If you are curious, Berlin is a German coffee house situated in Delhi’s Connaught Place in Atul Sabharwal’s meditative spy-thriller of the same name. The film revolves around the interrogation of a deaf-mute suspect Ashok (Ishwak Singh) by a sign-language expert Pushkin Verma (Aparshakti Khurana) at the behest of an intimidating intelligence officer Sondhi (Rahul Bose). For Atul, the idea for the film lit up at a Mumbai cafe, a Lokhandwala joint employing deaf-mute staff and a place where a film gets pitched at every other table.
“One of the waiters there was quite a chirpy fellow,” he says. “He tried to make conversation with you without caring if you knew sign language or not.” The eagerness of this attendant gave birth to Ashok.

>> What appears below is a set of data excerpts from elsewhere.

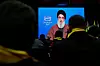 Hizbollahanhängare i Beirut lyssnar till ett tal av Hizbollahledaren Hassan Nasrallah via videolänk den 6 mars 2023. Samma dag meddelade Hassan Nasrallah att Hizbollah stöttar Suleiman Frangieh i presidentvalet.
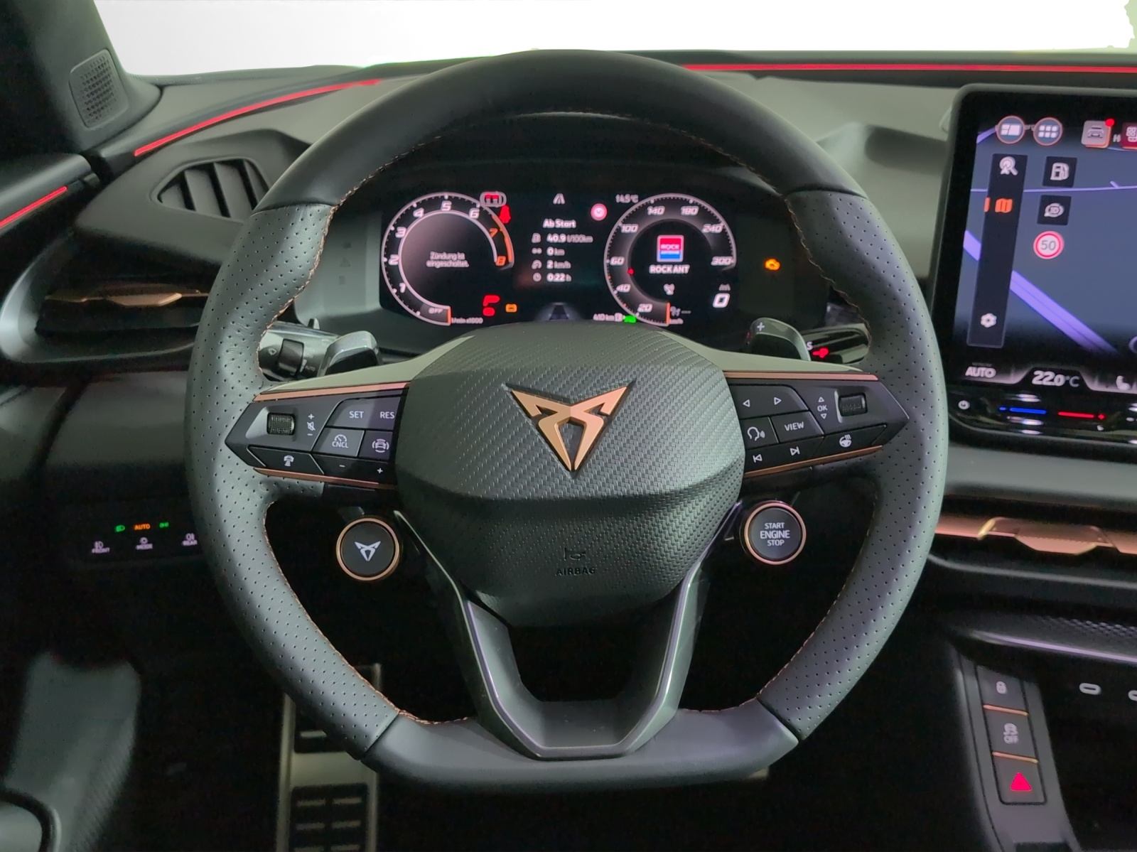Serienausstattung 3-Punkt-Sicherheitsgurte auf allen Plätzen ABS, EBV elektronische Bremskraft-verteilung Airbag: Airbag Beifahrer deaktivierbar Airbag: Airbag Fahrer und Beifahrer Airbag: Kopfairbags vorne und hinten Airbag: Seitenairbags für Fahrer und Beifahrer Assist: Aufmerksamkeits- und Müdigkeitserkennung (ADA) Assist: Ausweichunterstützung / Abbiegeassistent Assist: City Notbremsfunktion Assist: Einparkhilfe vorne und hinten mit Rückfahrkamera Assist: Elektronische Parkbremse mit Auto Hold Funktion Assist: Lane assist (Spurhalteassistent) Assist: Multifunktionskamera Assist: Multikollisionsbremse Assist: Prädiktive Speedlimiter Assist: Traffic sign recognition (Verkehrszeichenerkennung) Assist: Umfeldüberwachungssystem "Front-Assist" Aussenspiegel mit LED-Umfeldbeleuchtung Beleuchtete Sonnenblende links mit abdeckbarem Spiegel und Lasche, rechts mit abdeckbarem Spiegel ESC mit EBA, DSR, XDS und Reifendruckkontrolle Elektrische Fensterheber vorne und hinten mit Komfortschaltung und Einklemmschutz Fahrwerk: CUPRA Sportfahrwerk Fahrwerk: Progressivlenkung Full Digital Cockpit 10.25" Fussmatten vorne und hinten Garantie: Cupra 12 Jahre Gewährleistung gegen Karosserie-Durchrostung Garantie: Cupra 3 Jahre Lack-Gewährleistung Garantie: Cupra Garantie 2 Jahre ohne Kilometerbegrenzung Garantie: Cupra Hersteller-Garantieverlängerung für das 3., 4. und 5. Jahr / max.100000 km Heckscheiben-Wisch-/Waschanlage mit Intervall Innenspiegel automatisch abblendbar Lackierung: Uni-Lackierung Licht: Drittes Bremslicht Licht: Durchgehende Full LED-Heckleuchten Licht: LED Heckleuchten mit beleuchtetem 3D CUPRA Logo Licht: LED-Heckleuchten mit dynamischem Blinklicht Licht: LED-Nebelscheinwerfer mit Cornering-Funktion Licht: LED-Scheinwerfer für Abblend- und Fernlicht Licht: Leuchtweitenregulierung dynamisch Licht: Nebelschlussleuchte Media: 12,9" Infotainment (MIB3) Media: 2 USB C Anschlüsse hinten und vorne Media: CUPRA Connect Remote & Access / CUPRA Connect Safety & Services Media: CUPRA Connectivity Box Media: CUPRA Navigationssystem Media: DAB+ (Digital Audio Broadcasting) Media: Mobiltelefon Freisprechanlage Bluetooth Mittelarmlehne vorne und hinten Pyrotechnische Gurtstraffer und Gurtkraftbegrenzer Räder: Alufelgen 8J x 18", "ATOMIC DARK" Machined in Dark Shadow Räder: Reifendruckkontrollsystem Servolenkung mit geschwindigkeitsabhängiger Lenkkraftunterstützung Sitze: 3 verstellbare Kopfstützen hinten Sitze: Geteilt abklappbare Rücksitzlehne 1/3 - 2/3 Sitze: Kindersitzverankerung ISOFIX hinten Sitze: Vordersitze höhenverstellbar mit Lendenwirbelstütze Stopp - Start- und Rekuperationssystem Wegfahrsperre elektronisch Zentralverriegelung mit Funkfernbedienung, 2 Funkschlüssel
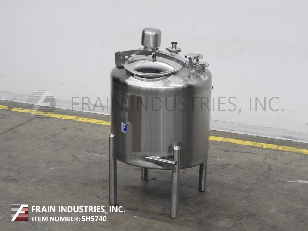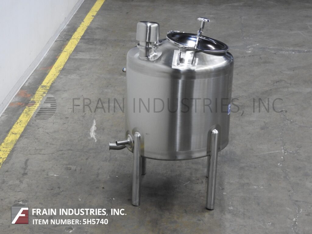 Feldmeier, 75 gallon capacity, 316 stainless steel single wall tank. Vessel dimensions: 30" diameter x 28" deep with 24" straight wall. Equipped with dome top, 16" man way with flip up / clamp down cover, CIP spray ball supplied by a 2"OD / 1½"ID Tri-Clamp fitting, (1) level sensor port, (1) temp probe port and (1) flush mount sensor port. Slant bottom has 2½" OD / 2" ID Tri-Clamp style bottom discharge with 11" ground clearance. (Level Sensor, temperature probe and flush mount sensor not included)
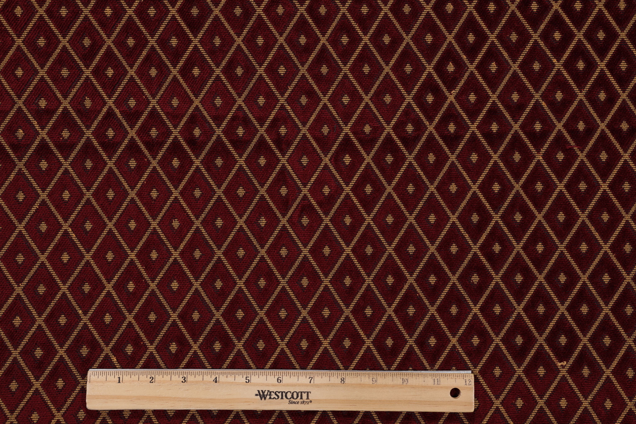 6.5 Yards Eldon Grospoint Velvet Upholstery Fabric in Ruby/Gold Details
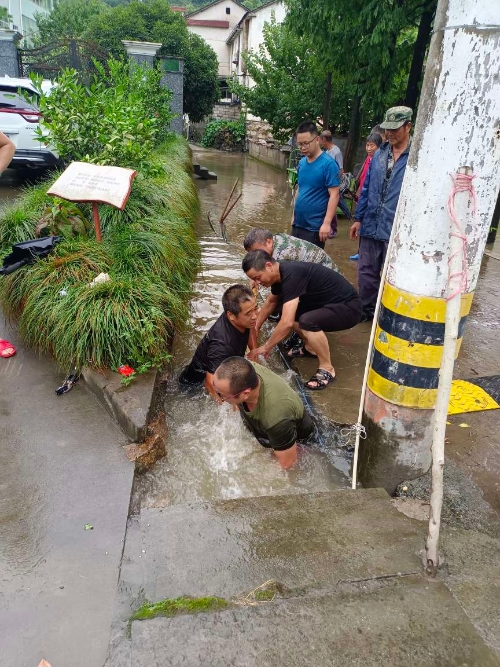 為了盡快解決這個問題,墨城塢村黨支部書記壽建兵、村副主任(鎮人大主席團成員)壽迪龍和胡劍慧一起想到了用竹竿疏通的辦法。“就是試試看!總比一直堵著強!”說干就干,壽建兵帶頭與村里的黨員干部一起下水疏通管道。10多個人分成兩組從涵管兩頭對向疏通,村干部還爬進了涵管里面進行疏通。經過2個小時的努力,堵塞的涵管已重新暢通,內澇水位明顯下降。
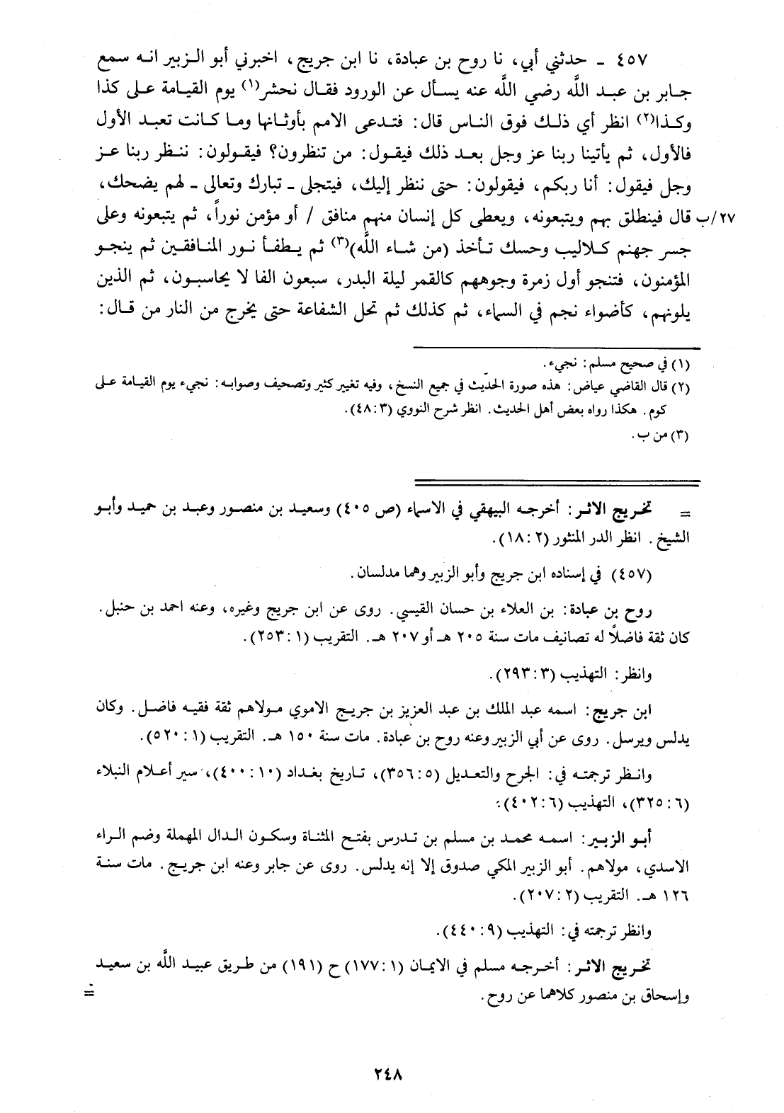 457 - حَدَّثَنِي أَبِي، نا رَوْحُ بْنُ عُبَادَةَ، نا ابْنُ جُرَيْجٍ، أَخْبَرَنِي أَبُو الزُّبَيْرِ، أَنَّهُ سَمِعَ جَابِرَ بْنَ عَبْدِ اللَّهٍ رَضِيَ اللَّهُ عَنْهُ §يُسْأَلُ عَنِ الْوُرُودِ، فَقَالَ: " نُحْشَرُ يَوْمَ الْقِيَامَةِ عَلَى كَذَا وَكَذَا انْظُرْ أَيُّ ذَلِكَ فَوْقَ النَّاسِ، قَالَ: فَتُدْعَى الْأُمَمُ بِأَوْثَانِهَا وَمَا كَانَتْ تَعْبُدُ الْأَوَّلَ فَالْأَوَّلَ، ثُمَّ يَأْتِينَا رَبُّنَا عَزَّ وَجَلَّ بَعْدَ ذَلِكَ فَيَقُولُ: مَنْ تَنْظُرُونَ؟ فَيَقُولُونَ: نَنْظُرُ رَبَّنَا عَزَّ وَجَلَّ، فَيَقُولُ: أَنَا رَبُّكُمْ، فَيَقُولُونَ: حَتَّى نَنْظُرَ إِلَيْكَ فَيَتَجَلَّى تَبَارَكَ وَتَعَالَى لَهُمْ يَضْحَكُ، قَالَ: فَيَنْطَلِقُ بِهِمْ وَيَتَّبِعُونَهُ وَيُعْطِي كُلَّ إِنْسَانٍ مِنْهُمْ مُنَافِقٌ أَوْ مُؤْمِنٌ نُورًا ثُمَّ يَتَّبِعُونَهُ وَعَلَى جِسْرِ جَهَنَّمَ كَلَالِيبُ وَحَسَكٌ تَأْخُذُ مَنْ شَاءَ اللَّهُ، ثُمَّ يُطْفَأُ نُورُ الْمُنَافِقِينَ ثُمَّ يَنْجُو الْمُؤْمِنُونَ فَتَنْجُو أَوَّلُ زُمْرَةٍ وُجُوهُهُمْ كَالْقَمَرِ لَيْلَةَ الْبَدْرِ سَبْعُونَ أَلْفًا لَا يُحَاسَبُونَ ثُمَّ الَّذِينَ يَلُونَهُمْ كَأَضْوَاءِ نَجْمٍ فِي السَّمَاءِ، ثُمَّ كَذَلِكَ ثُمَّ تَحِلُّ الشَّفَاعَةُ حَتَّى يَخْرُجَ مِنَ النَّارِ، مَنْ قَالَ -[249]-: لَا إِلَهَ إِلَّا اللَّهُ وَكَانَ فِي قَلْبِهِ مِنَ الْخَيْرِ مَا يَزِنُ شَعِيرَةً، فَيُجْعَلُونَ بِفِنَاءِ الْجَنَّةِ وَيُجْعَلُ أَهْلُ الْجَنَّةِ يَرُشُّونَ عَلَيْهِمُ الْمَاءَ حَتَّى يَنْبُتُوا نَبَاتَ الشَّيْءِ فِي السَّيْلِ، ثُمَّ يَسْأَلُ حَتَّى تُجْعَلَ لَهُ الدُّنْيَا وَعَشَرَةُ أَمْثَالِهَا مَعَهَا "
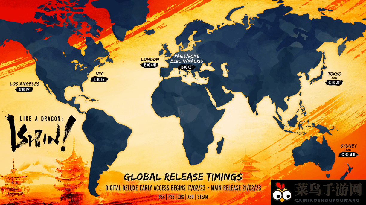 2月17日,官方正式公布了《如龙:维新 极》的全球解锁时间。预购数字豪华版的玩家可以抢先在今日23:00(北京时间)解锁,而正式版解锁时间为2月21日23:00。游戏支持跨平台游玩,覆盖PC、PlayStation 5、Xbox Series、PlayStation 4、Xbox One。
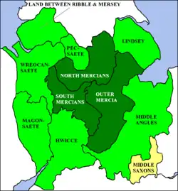 The first kings of Mercia were pagans, and they resisted the encroachment of Christianity longer than those of other kingdoms in the Anglo-Saxon Heptarchy. Placenames like Wednesfield and Wednesbury perhaps suggest that the worship of Woden was particularly prominent, and that there was a cluster of late pagan practice near Birmingham: there are no surviving toponyms relating to Thunor, for example, although Tiw may be connected to Tyseley, Tysemere and Tysoe. Similarly the Old English word weoh (altar) is found as a root for several Mercian placenames including Weeford near Lichfield.[2]
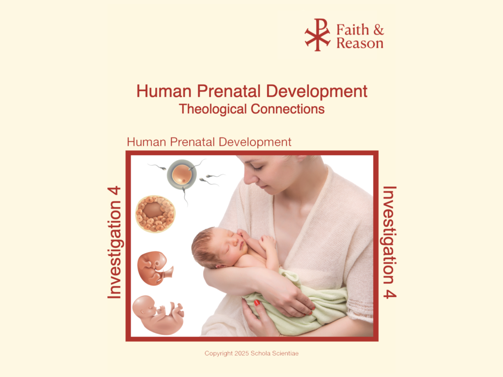 This introductory slide sets the tone for the Human Prenatal Development Investigation 4 Theology lesson. It visually connects the scientific journey from fertilization to birth with the theological theme of God’s design and love for human life at every stage.
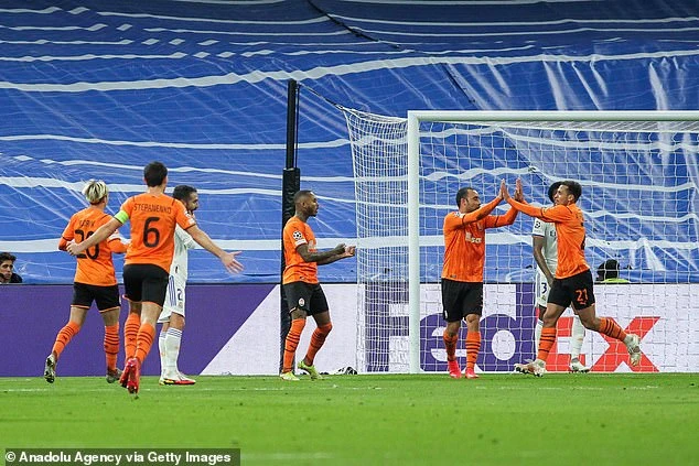 Shakhtar Donetsk có được bàn gỡ trong hiệp một khi tận dụng sơ hở noi hàng thủ Real. Ảnh: Getty Iamges.
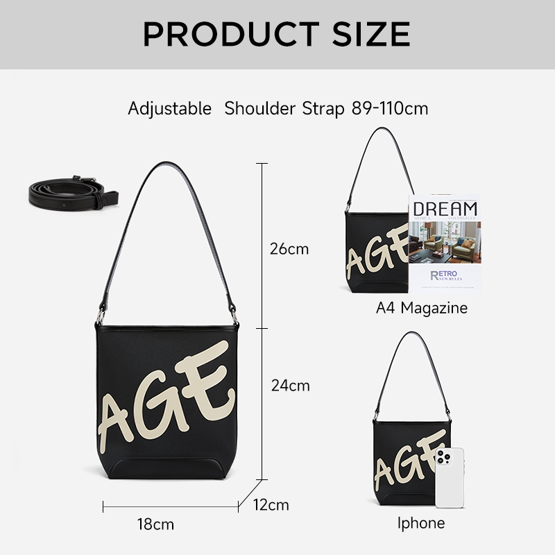 AGE FREE Mini Gabine - กระเป๋าสะพายไหล่ กระเป๋าทรงถัง กระเป๋าถือสำหรับผู้หญิง ความจุขนาดใหญ่ Bucket bag
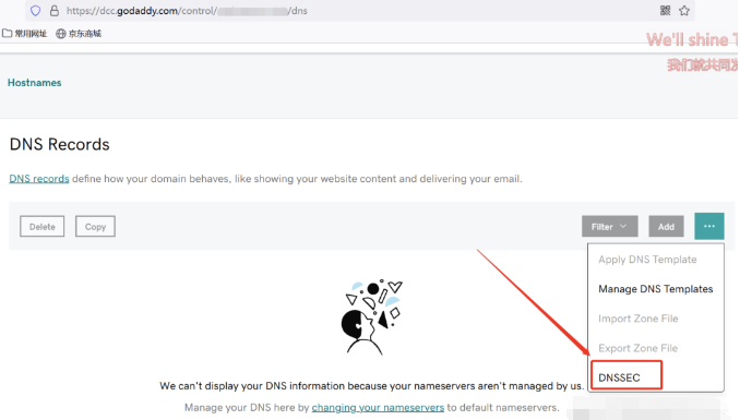 到你的域名注册商设置 DS 记录,我的域名注册商是Godaddy 到域名DNS设置处找到 DNSSEC。
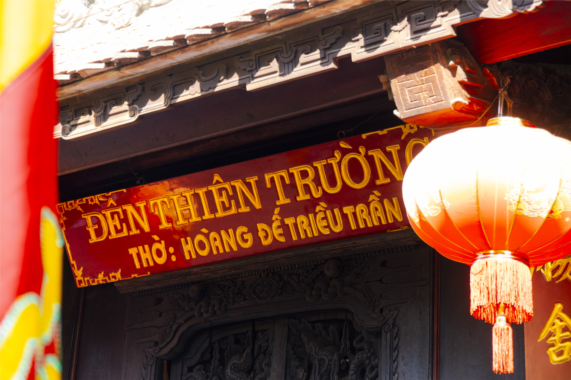 Lắng nghe thuyết minh về vương triều nhà Trần tại khu di tích
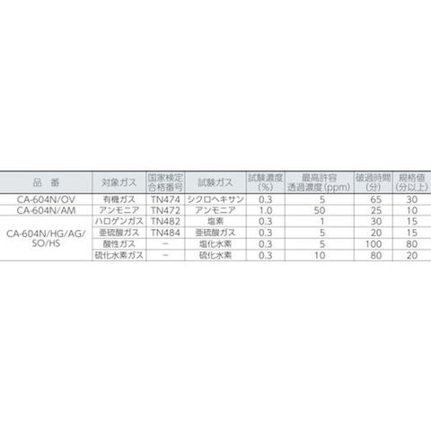・対象ガス:アンモニア・適合機種:GM164、GM164-1・国家検定区分:直結式・国家検定合格番号:TN472・破過時間(分):25・規格値(分以上):10・試験ガス:アンモニア・試験濃度(%):1.0・最高許容透過濃度(ppm):50
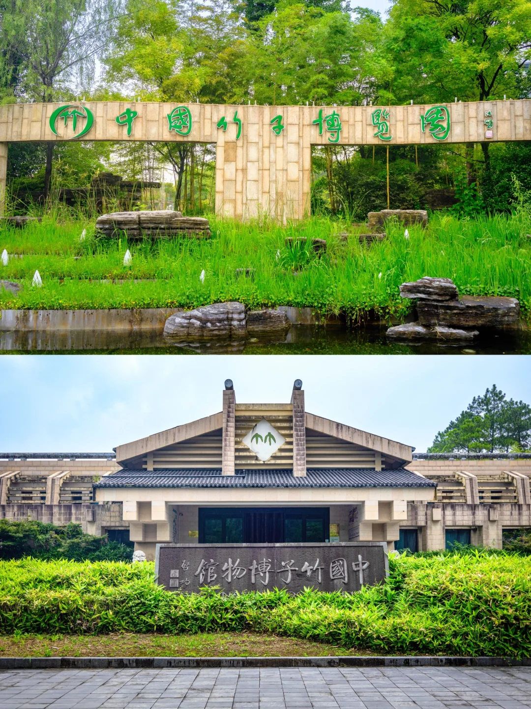 ✅中国竹子博物馆:6000年竹文化浓缩于此,有竹编《清明上河图》、3.3万年前竹化石等,馆外竹林长廊和玻璃栈道是汉服拍照绝佳点位。
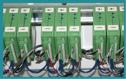 Unidades de carril DIN EIT instaladas en el gabinete para soportarmúltiples sensores compactos utilizados en la producción.
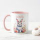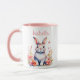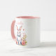 Ein niedliches Kaninchen, das in einem Stück hübscher, rosa Blume und Blätter im Wasser sitzt.
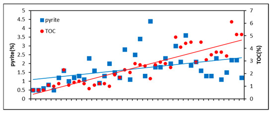 The mineral composition of shale is very complex, and previous studies have found that some mineral compositions have a great influence on the development of shale gas reservoirs. The indicative parameter for evaluating shale gas reservoir is the total organic carbon content (TOC) of the reservoir. The larger the TOC, the greater the organic matter abundance of the reservoir, and the greater the gas content of the corresponding reservoir. According to previous scholars’ research, pyrite in shale gas reservoir can well characterize its organic matter deposition, which is also verified by the data in this paper. As shown in Figure 7. With the increase of sampling core depth, the pyrite content gradually increases, and the TOC content of rock samples also increases synchronously, that is, there is a strong correlation between pyrite and TOC content, and the existence of pyrite will also lead to more obvious induced polarization effect of rocks.
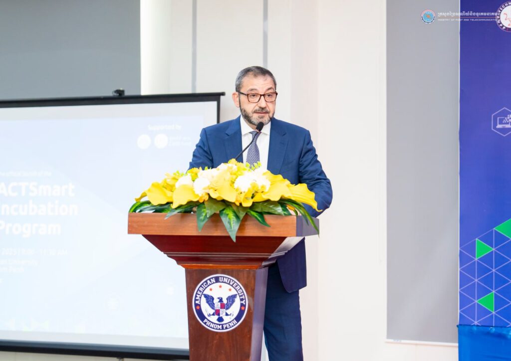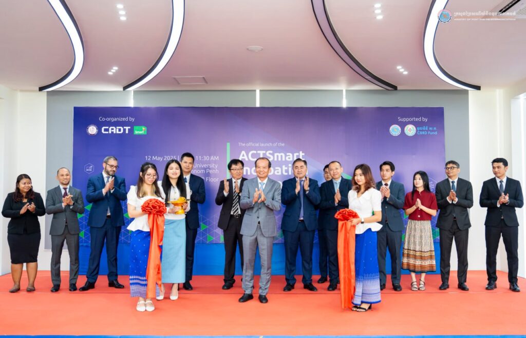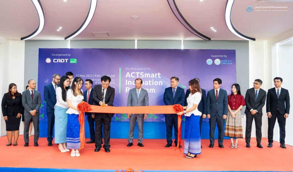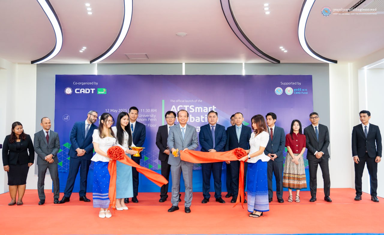 រាជធានីភ្នំពេញ៖ នៅព្រឹកថ្ងៃទី១២ ខែឧសភា ឆ្នាំ២០២៥ ឯកឧត្តម ជា វ៉ាន់ដេត រដ្ឋមន្ត្រីក្រសួងប្រៃសណីយ៍និងទូរគមនាគមន៍ បានអញ្ជើញជាអធិបតីក្នុងពិធីសម្ពោធកម្មវិធី “បណ្តុះបណ្តាលអាជីវកម្មបង្កើតថ្មី ACTSmart” ដោយមានការអញ្ជើញចូលរួមពីថ្នាក់ដឹកនាំក្រសួង នាយកមជ្ឈមណ្ឌលបច្ចេកវិទ្យា AUPP នាយកប្រតិបត្តិក្រុមហ៊ុន Smart Axiata ព្រមទាំងសាស្ត្រចារ្យ និស្សិត នៅមជ្ឈមណ្ឌលបច្ចេកវិទ្យា(ATC) នៃសាកលវិទ្យាល័យអាមេរិកាំងភ្នំពេញ។
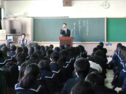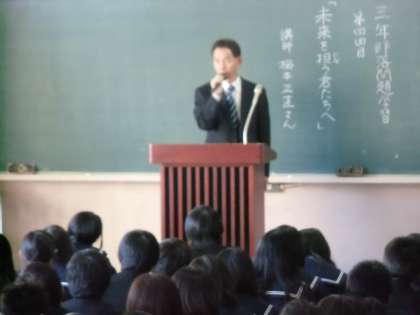 昨日の3・4限3年生人権講演会に北条人権文化センター勤務の梅本正直様に来ていただきました。ご自分の生い立ちから、差別についていろいろなことをお話いただきました。80分ほどの時間、ピーンと張り詰めた雰囲気で生徒たちが話を聞いていました。

“I started thinking, what if one of these waiters was a person wanting to enter the film industry?” The setting remained the same but its characteristics changed. In the film, Berlin is not an innocuous cafe filled with film industry aspirants. It is a hole-in-the-wall establishment where intelligence officers across agencies trade secrets with deaf-mute servers being the ‘walls’ between tables.
One of these attendants is Ashok, who, intrigued by this world of spies, tries to uncover a secret and ultimately gets too close to the sun. The film sprouted from Atul’s short-story , told from the deaf-mute waiter’s perspective. “A film from Ashok’s POV would have to be a silent one.
The short story was thus unfilmable,” he s.